We Were All
An exuberant mood had taken hold of the outlander camp, even if victory brought new labours. The dead had to be stripped of valuables and disposed of. The wounded needed treatment. Patrols on horseback had to be sent out to chase down survivors and search the area for hostile forces, ensuring the army was safe while carrying out these tasks.
In his tent, Sikandar had gathered his lieutenants. They crowded around a crudely drawn map showing the location of the battle, including the lake, hills, and the land between. Various pieces, exquisitely carved in comparison, showed the placement of both Order and outlander troops. Together, the commanders discussed the events of the battle, moving the pieces around, allowing them to learn and improve their tactics.
A soldier entered quietly, standing to the side, as far away as possible from the shadow warrior in the back of the tent. At length, Sikandar’s attention fell upon him. "What is it?"
He bowed his head. "Forgive me, Jenaab Sikandar. You asked for any captured knight to be brought to you."
"I did, long ago. What is the delay?"
Licking his lips, the soldier spoke again with an anxious look. "It seemed most of them died, or they would not reveal themselves. We did finally find one with golden spurs, as you told us. He is ready to be questioned."
With a bow and a nervous look at the shadow warrior, the soldier hurried out of the tent.

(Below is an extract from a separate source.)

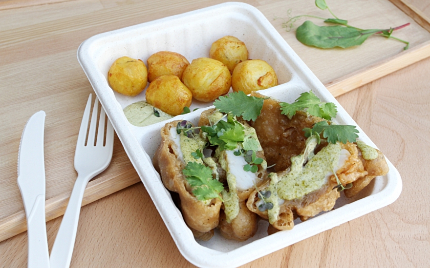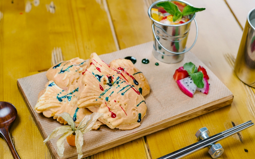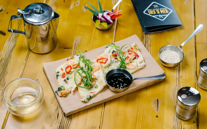 Одна из особенностей корейского стритфуда — подача на разноформатных палочках: на них тут нанизывают жаренные во фритюре куриные крылышки в остро-сладком соусе, тигровые креветки темпура с васаби и панировке из миндаля, шашлычки из морепродуктов в мягком кунжутно-соевым соусом, охотничьи колбаски — либо в панировке из кукурузной муки, либо в кусочках картошки фри, и, наконец, картофельный чипс торнадо. К экспериментам тут располагают и обстановка: желтый цвет пластиковых стульев, дракон на потолке, летящий по желтому же небу, фудтрак, увешанный гирляндами лампочек — все это бодрит жизнерадостностью, а саундтрек из корейской попсы, на слух как будто запись Андрея Губина пустили реверсом, вводит в приятный транс.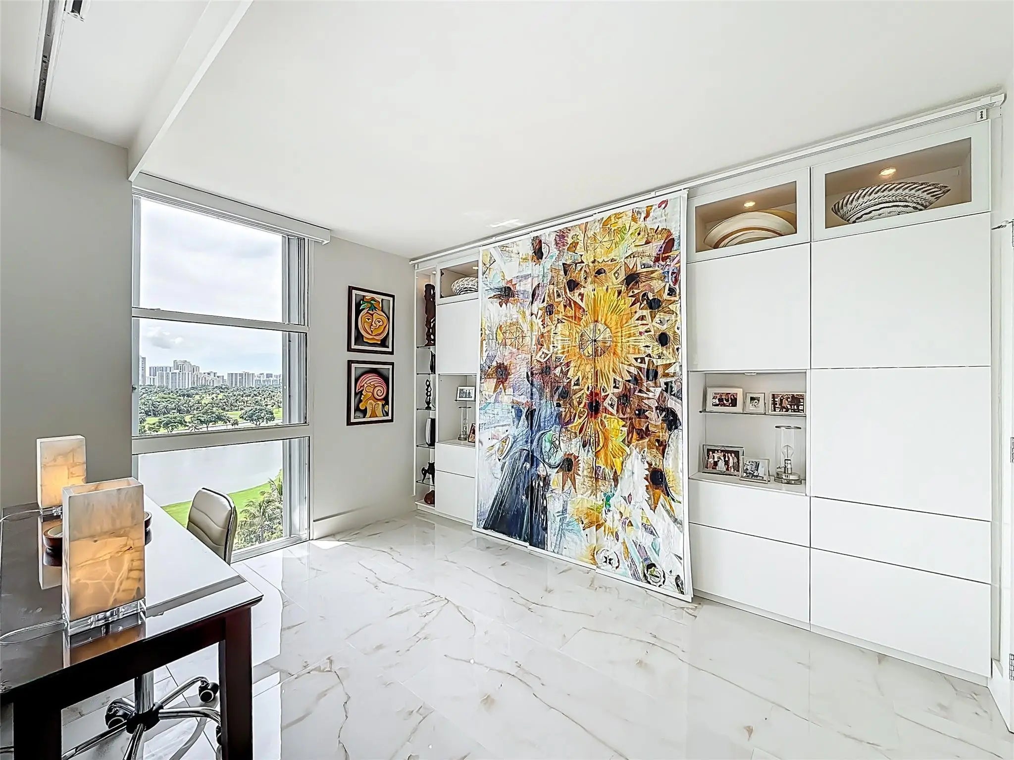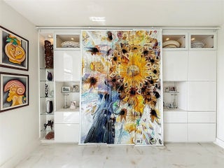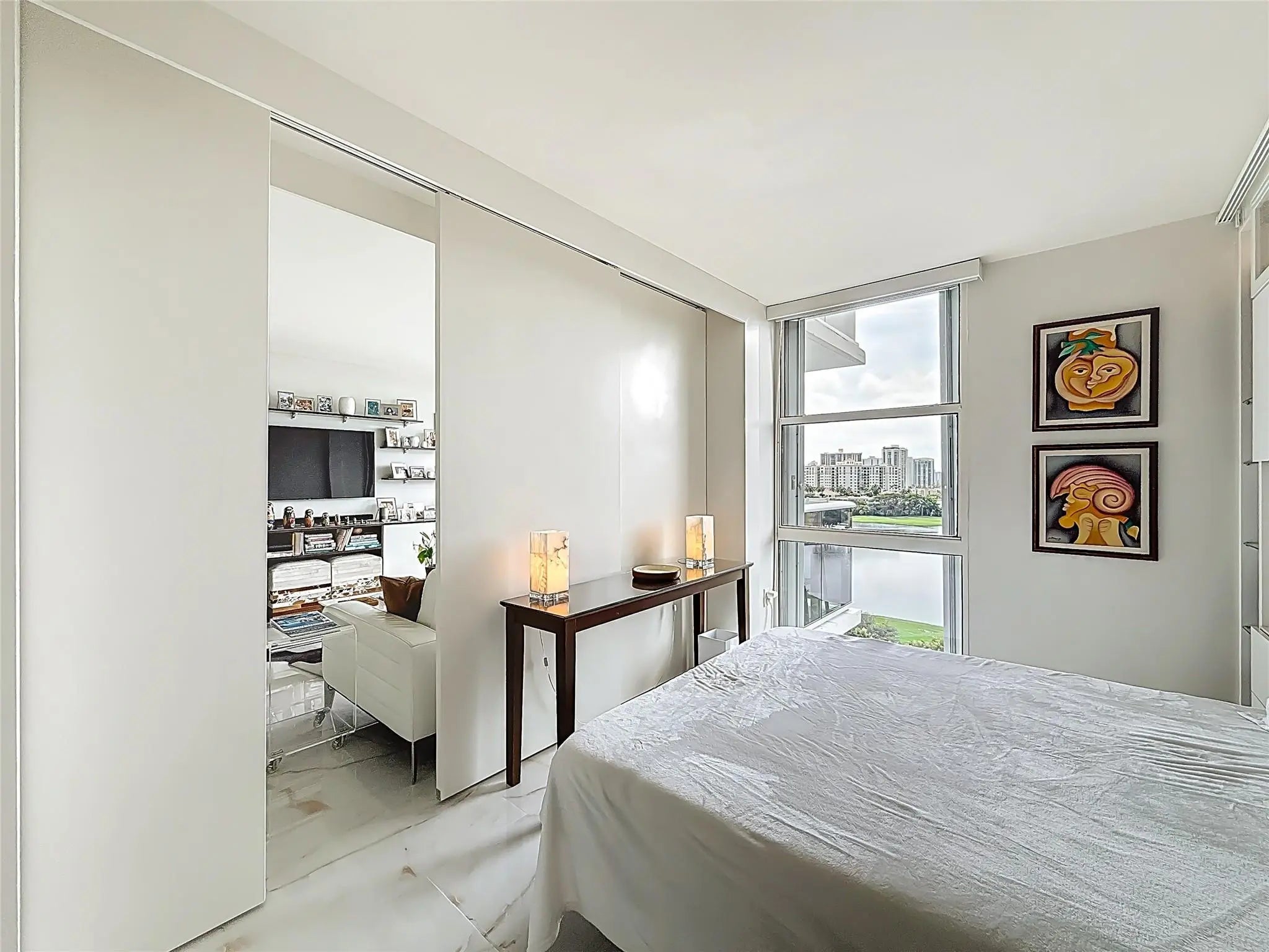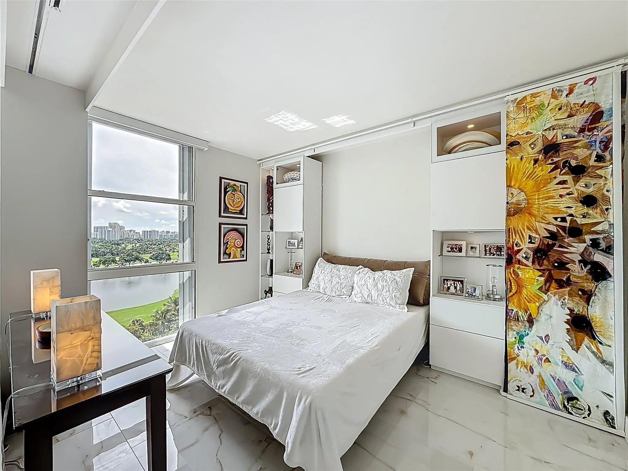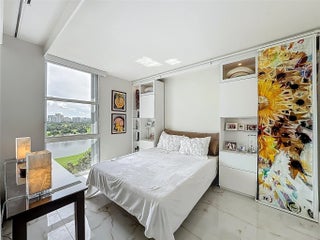 Architect’s residence with turnkey fully furnished option. 180-degree views of sunrises over the ocean, majestic sunsets, shimmering moonrises & serene lake reflections. Innovative living area seamlessly integrates the LR, DR & 2nd BR for open concept, but can be portioned into an office/bedroom w/ a panel pocket wall system. Artfully concealed Murphy bed creates a BR w/ closet & en-suite bathroom. Interior features: 3D accent walls, exquisite mother of pearl tile, custom kitchen, bar w/ built-in cabinets, entertainment center w/ floating shelves, motorized blackout shades, WIC, lots of storage, hurricane shutters & deeded parking (2nd available). Location is on the Soffer nature trail & Turnberry lakes…Walk to Aventura mall, restaurants, houses of worship, dog park, horse track marina, train or Golden beach. HOA: WIFI/cable, 24-hour concierge, pool, jacuzzi, gym, club room, saunas, library, billiard room & covered BBQ area with outdoor dining area on the canal.

"I am not surprised," Rostam declared. "These knights fight like demons and prefer death to capture."
"Had your hands full in the hills?" Arash smirked.
"Someone had to do the hard part. If our Zhayedan fought with the same strength, this battle would have ended on the first day," Rostam claimed.
Sikandar cleared his throat, sending the briefest of glances at the shadow warrior. If the exchange had perturbed his mood, however, no such emotion could be read in his amber eyes.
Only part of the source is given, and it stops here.